Two other links are irrelevant. The EU link is about changing EU regulation of *all* medical devices. They pretty much say regulation is ineffective. The worries about competitive bidding in ObamaCare are part of the ongoing debate about ObamaCare and, being hypothetical, are essentially a political statement.

So there is *one* reference. Of course, we also have the research previously referenced in discussions on tudiabetes.org, which, if I remember correctly, found maybe one or two meters out of the 15-20 tested being out of range by the current US standards.

The actual studies (three of them, two by the same EU based author) are, however, all available from the DTS web site (thank you DTS!) The two September articles are available for free here:

http://www.journalofdst.org/September2012/PDF/VOL-6-5-ORG2-FRECKMANN.pdf
http://www.journalofdst.org/September2012/PDF/VOL-6-5-ORG3-BAUMSTARK.pdf

The January 2013 article by Brazg is in the archives, but must be purchased ($55), see here:

http://www.journalofdst.org/January2013/

There is also a criticism (in the strict sense, an analysis) by Andreas Pfützner ($55). I believe DTS will make these all free in due course (but it looks like it could take up to a year.)

I haven't analyzed the original papers yet, I will probably do so, but I do note that the EU author was using DIN (German) or ISO standards, not the US ones.

Meanwhile the references StripSafely give refer to quotes by journalists and pundits, never directly to the original authors. I have three issues with the StripSafely Issues (;-) page:

1) 'cheap'; the first and most prominent attribute which is presented in quotes (aka scare quotes). The reference is number (3), to CloseConcerns, yet the attributed article is not on the web site given (according to Google - the link provided is just to the head of the site). I traced the article title (via Google) back to an abstract of the original DTS meeting produced by the journal. (Google yourself using the title). The word 'cheap' does not occur in that abstract.

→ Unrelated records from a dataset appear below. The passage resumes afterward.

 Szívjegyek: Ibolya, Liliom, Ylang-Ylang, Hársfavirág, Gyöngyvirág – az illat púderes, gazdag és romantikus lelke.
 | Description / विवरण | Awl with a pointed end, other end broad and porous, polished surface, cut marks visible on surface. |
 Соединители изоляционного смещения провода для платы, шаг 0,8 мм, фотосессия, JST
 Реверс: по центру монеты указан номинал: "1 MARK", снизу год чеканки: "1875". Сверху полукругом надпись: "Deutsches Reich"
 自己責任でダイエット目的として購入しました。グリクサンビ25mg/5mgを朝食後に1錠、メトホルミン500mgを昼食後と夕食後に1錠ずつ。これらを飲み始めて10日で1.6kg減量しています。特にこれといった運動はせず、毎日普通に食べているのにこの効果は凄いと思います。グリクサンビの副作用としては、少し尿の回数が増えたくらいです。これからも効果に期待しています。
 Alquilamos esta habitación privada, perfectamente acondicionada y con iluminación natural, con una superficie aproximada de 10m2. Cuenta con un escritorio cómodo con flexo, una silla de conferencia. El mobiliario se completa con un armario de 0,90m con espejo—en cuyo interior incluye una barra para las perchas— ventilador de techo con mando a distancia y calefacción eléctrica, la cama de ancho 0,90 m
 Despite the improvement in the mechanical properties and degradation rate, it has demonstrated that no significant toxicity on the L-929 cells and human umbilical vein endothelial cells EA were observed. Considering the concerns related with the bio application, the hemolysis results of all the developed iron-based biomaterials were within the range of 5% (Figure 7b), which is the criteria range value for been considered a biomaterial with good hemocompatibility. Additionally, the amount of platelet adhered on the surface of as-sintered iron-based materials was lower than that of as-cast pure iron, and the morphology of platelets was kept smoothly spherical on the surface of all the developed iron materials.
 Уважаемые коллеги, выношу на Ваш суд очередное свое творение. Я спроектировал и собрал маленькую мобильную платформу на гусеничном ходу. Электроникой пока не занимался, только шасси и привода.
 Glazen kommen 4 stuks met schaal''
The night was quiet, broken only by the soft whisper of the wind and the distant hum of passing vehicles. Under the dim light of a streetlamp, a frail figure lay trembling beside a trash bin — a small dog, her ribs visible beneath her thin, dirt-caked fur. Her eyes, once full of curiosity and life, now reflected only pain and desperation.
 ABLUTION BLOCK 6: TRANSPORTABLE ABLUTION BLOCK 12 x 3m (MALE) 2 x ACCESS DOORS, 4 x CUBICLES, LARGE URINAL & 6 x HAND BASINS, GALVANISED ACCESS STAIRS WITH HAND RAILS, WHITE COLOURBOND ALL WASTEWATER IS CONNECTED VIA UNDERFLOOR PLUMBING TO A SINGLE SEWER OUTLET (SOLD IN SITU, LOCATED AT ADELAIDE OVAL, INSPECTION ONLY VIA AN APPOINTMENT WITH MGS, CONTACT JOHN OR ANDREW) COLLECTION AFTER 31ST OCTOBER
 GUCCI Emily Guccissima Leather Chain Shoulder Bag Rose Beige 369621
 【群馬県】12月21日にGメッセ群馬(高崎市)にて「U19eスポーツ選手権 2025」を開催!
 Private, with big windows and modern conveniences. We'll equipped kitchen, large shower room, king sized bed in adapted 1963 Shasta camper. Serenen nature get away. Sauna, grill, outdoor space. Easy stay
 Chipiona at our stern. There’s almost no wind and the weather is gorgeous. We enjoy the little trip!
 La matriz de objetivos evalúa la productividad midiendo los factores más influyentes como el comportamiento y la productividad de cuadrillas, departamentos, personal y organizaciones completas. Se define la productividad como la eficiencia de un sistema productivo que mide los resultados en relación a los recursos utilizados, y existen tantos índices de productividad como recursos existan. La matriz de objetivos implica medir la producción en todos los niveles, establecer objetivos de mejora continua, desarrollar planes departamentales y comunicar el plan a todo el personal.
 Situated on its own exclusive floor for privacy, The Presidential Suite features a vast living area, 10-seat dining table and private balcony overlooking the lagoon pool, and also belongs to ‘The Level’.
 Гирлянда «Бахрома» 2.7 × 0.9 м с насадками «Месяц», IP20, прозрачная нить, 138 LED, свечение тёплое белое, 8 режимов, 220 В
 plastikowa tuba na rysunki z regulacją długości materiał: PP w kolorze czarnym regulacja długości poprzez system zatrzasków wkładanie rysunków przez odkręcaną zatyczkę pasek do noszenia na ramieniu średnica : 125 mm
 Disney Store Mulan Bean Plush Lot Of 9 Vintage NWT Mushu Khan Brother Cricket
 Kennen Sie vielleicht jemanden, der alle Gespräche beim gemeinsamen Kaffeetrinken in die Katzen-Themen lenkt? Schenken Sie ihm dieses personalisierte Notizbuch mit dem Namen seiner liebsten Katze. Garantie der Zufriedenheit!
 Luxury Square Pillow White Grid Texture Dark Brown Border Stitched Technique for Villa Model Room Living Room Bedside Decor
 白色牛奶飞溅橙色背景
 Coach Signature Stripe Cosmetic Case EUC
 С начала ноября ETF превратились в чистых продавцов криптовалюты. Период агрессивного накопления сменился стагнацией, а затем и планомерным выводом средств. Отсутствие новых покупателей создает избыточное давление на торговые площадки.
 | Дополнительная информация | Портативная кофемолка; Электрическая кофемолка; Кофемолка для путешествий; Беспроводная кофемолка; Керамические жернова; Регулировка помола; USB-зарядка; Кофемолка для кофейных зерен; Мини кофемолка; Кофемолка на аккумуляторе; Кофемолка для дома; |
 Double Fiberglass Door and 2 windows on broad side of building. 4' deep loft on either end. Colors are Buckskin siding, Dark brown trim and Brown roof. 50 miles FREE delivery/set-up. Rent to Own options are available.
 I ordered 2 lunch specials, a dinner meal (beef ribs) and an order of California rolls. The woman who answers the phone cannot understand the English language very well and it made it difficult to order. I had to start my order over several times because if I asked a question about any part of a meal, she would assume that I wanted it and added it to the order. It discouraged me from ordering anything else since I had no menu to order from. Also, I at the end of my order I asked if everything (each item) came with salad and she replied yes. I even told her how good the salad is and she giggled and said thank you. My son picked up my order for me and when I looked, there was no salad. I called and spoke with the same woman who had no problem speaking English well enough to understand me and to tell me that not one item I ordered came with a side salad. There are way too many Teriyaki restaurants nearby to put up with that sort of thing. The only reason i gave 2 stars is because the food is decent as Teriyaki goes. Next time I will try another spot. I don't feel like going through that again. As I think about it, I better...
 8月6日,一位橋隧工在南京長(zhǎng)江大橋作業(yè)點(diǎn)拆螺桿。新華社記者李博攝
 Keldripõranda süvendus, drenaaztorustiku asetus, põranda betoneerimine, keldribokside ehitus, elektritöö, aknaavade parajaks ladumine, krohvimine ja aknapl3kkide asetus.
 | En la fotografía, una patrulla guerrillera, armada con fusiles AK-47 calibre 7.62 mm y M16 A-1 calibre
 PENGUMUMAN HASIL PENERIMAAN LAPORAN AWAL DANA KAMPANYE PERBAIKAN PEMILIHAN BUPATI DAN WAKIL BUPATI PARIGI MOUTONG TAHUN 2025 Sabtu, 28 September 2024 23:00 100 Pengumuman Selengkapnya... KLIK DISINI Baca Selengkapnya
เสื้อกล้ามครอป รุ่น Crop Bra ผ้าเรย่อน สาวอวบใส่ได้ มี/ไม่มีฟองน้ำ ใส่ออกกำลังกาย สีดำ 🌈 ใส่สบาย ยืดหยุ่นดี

This alone makes me extremely suspicious of the StripSafely site: four separate attributes are to the CloseConcerns website, but they are all to the same article. I cannot find that article on the CloseConcerns website, or, for that matter, on the diatribe web site (diatribe.us). When I search for the article name I find only an abstract.

At this point I went back to other commenters on the original source - the May symposium - looking for a 'cheap' source. On the multivu summary I found David Klonoff, using 'some low-cost meters'. He is president of DTS, but in this context he was apparently summarizing. There is a substantial semantic difference between 'some low-cost meters' and the end rendition 'cheap', the latter implies 'all'. Please see the multivu quotes of the Klonoff interview, or buy the Gray Sheet summary which has different quotes but not the 'low-cost' one.

2) Competitive bidding; a full two paragraphs of the article after the CloseConcerns 'cheap' attack are devoted to competitive bidding in ObamaCare. Once again this is primarily attributed to "Close Concerns". I maintain that this is an irrelevant to the issue of the accuracy of BG meters and is, IMO, a political discussion.

3) 'Asia[n]'; this is racist. There is no credible attribute to the whole paragraph, the reference to the EU issue is to the EU press release which asserts a general lack of regulation and cites breast implants and hip replacements as the evidence. The paragraph reads like it was written by a lobbyist; it sandwiches two unrelated and unattributed statements that are barely meaningful between an irrelevant anchor sentence.

There are too many issues here with regard to how or why this web site was constructed for me to be able to offer any constructive criticism. I think tudiabetes.org needs to step back from this and ask itself what the real issue is.